Real estate index documenting the property my great-grandparents were forced to sell, which included a parcel they bought in the 1890s when my great-grandfather worked as a teamster and another where he built the family home in 1906.
Beyond the individual economic impact, did the loss of the Ward affect the town's synagogue? From the map and bar graphs above, we can see clearly that very few member-households were in the Ward in 1941, only 13 of 152. Two left the synagogue during this time period, but one joined.
Jewish families that belonged (blue) and did not belong (white) to Homestead's synagogue. The area above the orange line was the Ward.

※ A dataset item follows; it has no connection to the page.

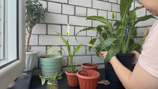 Летние пересадки комнатных растений(маранта, спацифиллум, клеродендрум, каланхоэ)

Perhaps there was a longer-tail effect from the children who finished growing up elsewhere? Or from the enduring loss of 50% of Homestead's homes? In light of the prevailing trends—most Jewish children of this period left Homestead when they grew up, and the country's increasingly middle-class Jewish community was shifting everywhere away from neighborhoods like the Ward—it's unlikely that the Ward's continuation would have bolstered the shul without major investment in the Ward itself. Rehabilitating such neighborhoods, however, was not trendy in an era of white flight and slum clearance. The mill expansion indeed brought prosperity to what remained of Homestead, but the utter failure of a plan in the 1950s to modernize Homestead's business district cautions against imagining any miracles that might have revitalized Lower Homestead had it not been demolished.